Михаил Гохман: Причины лежат на поверхности. Причины — это разочарование в нынешнем президенте.
Елена Рыковцева: С нами на связи Жорж Нива, писатель. Помогите нам, пожалуйста, понять причины, по которым французы проголосовали в большом количестве за эту партию, во-вторых, причины, по которым французы сами же и удивились своему голосованию, назвав это шоком. Они не были готовы к этому?
Жорж Нива: Я не политолог, но совершенно ясно, что у французов не хватает энтузиазма, нет харизматического лидера, нет ведущей идеи в сложном нашем кризисном мире. Потому что динамика, к сожалению, относится и к младшим поколениям — это уже ностальгия по прошлому, не только против мигрантов, это какое-то новое поколение, которое воспитывается на довольно примитивных политических идеях.
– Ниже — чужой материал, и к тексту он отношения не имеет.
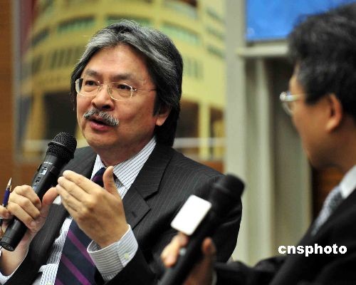 三月三日,香港特區(qū)財(cái)政司司長(zhǎng)曾俊華,在浸會(huì)大學(xué)與學(xué)生舉行座談會(huì),討論財(cái)政預(yù)算案。中新社發(fā) 譚達(dá)明 攝

Получается трехпартийная новая система на выборах, а наша конституция допускает только бинарную систему. Так что решение этой проблемы мы увидим на президентских выборах. Или победит конституция, значит один из трех шаров должен вылететь за игру, или придется изменить конституцию. Сейчас у Марин Ле Пен всего навсего есть 11 муниципалитетов из 36 тысяч во Франции. Это с одной стороны обозначает слабость, хрупкость этого движения, с другой стороны некоторую нелепость политическую, потому что должны быть лучше представлены те граждане, которые голосуют за Национальный фронт. Кажется, что это только региональные выборы, избиратели французские опытны в том смысле, что он знает, за что он голосует на президентских, на парламентских. Я сам как французский гражданин не совсем понял стопроцентно, как и власти этих регионов. Голосовала только половина страны, 50%, не больше — это тоже показывает, что делать слишком много заключений из этого нельзя. Для меня лично самое удивительное — это отсутствие моральных, этических голосов: мы за Европу или против Европы. В конце концов, эта третья сила против Европы, она за то, чтобы закрыть окна и двери. Я уверен, что открытые двери и открытые окна больше привлекают молодых людей.
Елена Рыковцева: Инга Домбровская привела очень хорошую социологическую справку, кто голосовал за эту партию.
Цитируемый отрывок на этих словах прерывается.